School lawsuit heads to mediation
An attempt will be made next Wednesday to negotiate a settlement to a sexual discrimination lawsuit against the Tonganoxie school district.
James Margolin, a Kansas City, Mo., attorney, will act as a mediator in the federal lawsuit, which was filed by the father of a former student, on the youth’s behalf. Mediation is required in federal lawsuits, and Margolin’s role as mediator was approved by both parties in the suit.
If mediation fails — and there is no requirement that the recommendations of a mediator be adopted by either party — a trial is scheduled for Aug. 2, 2005, in U.S. District Court in Kansas City, Kan.
Meanwhile, depositions in the case will continue next Tuesday, according to Arthur Benson, the attorney for the plaintiffs.
The lawsuit, which was filed seven months ago, alleges that the school district took no action to prevent sexual harassment of the former student and that the district failed to punish students who participated in the sexual harassment.
The suit also alleges the harassment prevented the student access to an education.
Defendants in the suit include school board members Rick Lamb, Darlyn Hansen, Bob DeHoff, Dick Dean, Leana Leslie, Ron Moore and Kay Smith; district superintendent Richard Erickson; junior high principal Steve Woolf; former high school principal Mike Bogart; and high school vice principal Brent Smith.
The lawsuit alleges that from February 2000 to December 2003, the former student was sexually harassed because his harassers believed he was homosexual. In addition, the lawsuit said that the harassment contained references to homosexuality. Most incidents of harassment, the suit said, were either reported to school officials — or officials were aware of the incidents.
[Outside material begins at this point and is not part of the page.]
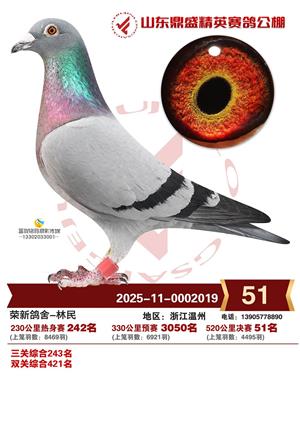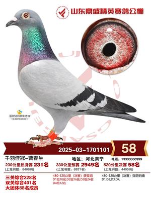 山东鼎盛精英赛鸽公棚2025年获奖鸽照片赏析

School district officials have said, as part of the lawsuit, that one student did complain “approximately annually” that he’d been called names. And the officials said they took appropriate action to investigate and address the complaints.
This fall — as a requirement of the court — the plaintiffs made a settlement demand. And the school district made a settlement offer.
Benson said he could not divulge the amount of either the demand of offer.
“If they’re close,” he said, “then sometimes the lawyers try to finish it without the mediator.”